A Mother’s Love Sells Thousands
When hockey injuries target the neck, the love of a mother might just save you. In the 2024-25 season, all youth players registered with USA Hockey were required to wear neck guards or some other form of protection on the neck during all games, practices, and other such events. Of the many brands of neck guards, Skate Armor has been proven to be one of the most consistent at preventing injury. Despite selling thousands today, it all started from one protective mom.
Teri Weiss, mother of Boston Bruins defenseman Mason Lohrei, started the company for her son. When Lohrei was only nine years old, the neck guard that he used was faulty and irritated his skin. It didn’t even protect him as it was supposed to, as he would often return from the rink with bruises on his neck. In an interview by the New York Times, Weiss says that, “I took my kitchen knife I use to cut chicken with… [and] literally the first pass, I sliced right through it.” After showing Lohrei the cut she made in his neck guard, he said that Weiss could make something, and “I’d wear it.”

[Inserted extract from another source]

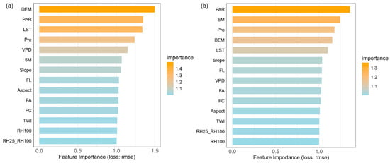 We used machine learning models to identify the key drivers of changes in forest resilience for coniferous and broadleaf forests in Southwest China and to evaluate their relative contributions. The coniferous forest dataset contained 11,523 samples, while the broadleaf forest dataset included 6231 samples. Both datasets were split into training and testing sets at a ratio of 75% to 25%. Hyperparameter tuning was performed using Bayesian optimization combined with five-fold cross-validation. Ultimately, the models achieved R2 values of 0.66 and 0.61 for predicting AR(1) on the test sets of coniferous and broadleaf forests, respectively (Figure A6). Based on permutation-based variable importance rankings (Figure 4), the key drivers significantly affecting AR(1) differed between the two forest types. For coniferous forests, the top five drivers were elevation, LST, PAR, Pre, and VPD, while for broadleaf forests, the top five were PAR, SM, Pre, elevation, and LST. Notably, climate factors dominated the main drivers of AR(1) in both forest types, highlighting the critical influence of climate on forest resilience in Southwest China.

Weiss got to work, developing a design that involved tabs covering the sides of the neck up to the ear lobes, as well as rubber on the tabs that prevented them from rolling down. She used a polyethylene Honeywell product used in gloves in the food processing industry, that are resistant to cuts called SpectraGuard. According to the New York Times, this could provide more protection than traditional collar-style neck guards, which could expose the area under the ears if the height did not align with the user.
A 2015 test by the Mayo Clinic study involved 14 different brands of neck guards. According to the New York Times, only Skate Armor and a model of the Reebok 11K held up against the compression load of 600 Newtons. For reference, it takes about the same amount of force to fracture your radius.